By way of background, in December 2017 the CAFC held that the provision violates the First Amendment because it restricts free speech. In re Brunetti, 877 F.3d 1330, 125 USPQ2d 1072 (Fed. Cir. 2017). Since then, the PTO has been suspending action on pending applications refused under the “scandalousness” provision until final disposition of the matter. On June 24, 2019, SCOTUS affirmed the judgment of the Federal Circuit. 588 U.S. ___, 2019 USPQ2d 232043 (2019).
In an opinion by Judge Kagan, SCOTUS held the provision is/was unconstitutional under the Free Speech Clause of the First Amendment because it is “facially viewpoint-based”; as such, the fact that a mark may consist of or comprise “immoral” or “scandalous” matter is no longer a valid ground for refusal or cancellation of a registration. Following the Tam decision, SCOTUS confirmed that “a law disfavoring ‘ideas that offend’ discriminates based on viewpoint, in violation of the First Amendment.”

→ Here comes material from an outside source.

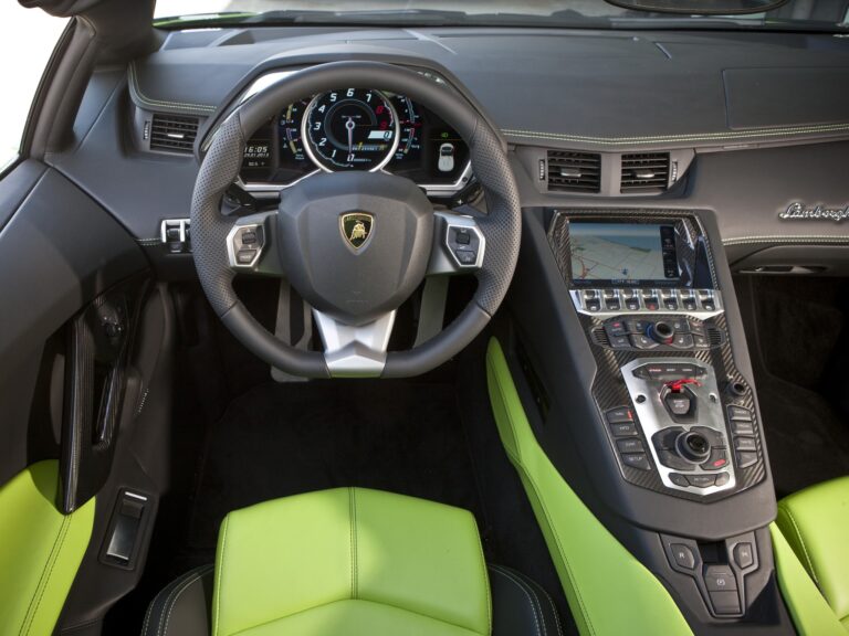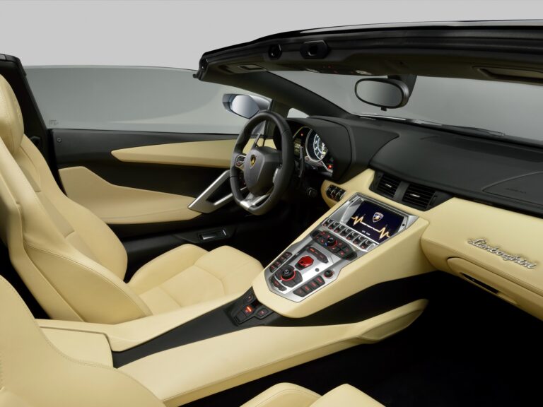 Nawet wnętrze ma nowy wygląd. Użycie skóry o nazwie Sabbia Nefertem podkreśla doskonałe rzemiosło tapicerskie z Sant’ Agata Bolognese i idealnie komponuje się z zewnętrznym kolorem Azzuro Thetis. Wreszcie, nowy Aventador LP 700-4 Roadster ma również nowe obręcze Dione 20″/21″ o odważnym, agresywnym wyglądzie. Wykonane z lekkiego aluminium prasowanego, obniżają wagę pojazdu o 10 kg w porównaniu do standardowego zestawu obręczy.

The portions of the TMEP that relate specifically to the examination of immoral or scandalous matter no longer apply. Applications that received advisory refusal under the provision and were suspended will be removed from suspension and examined further for other requirements. If an application was previously abandoned after being refused under the provision and beyond the deadline for filing a petition to revive, a new application can be filed.
The PTO will begin acting on requests after Brunetti’s case is returned to the PTO (at least 25 days after the decision, at the earliest).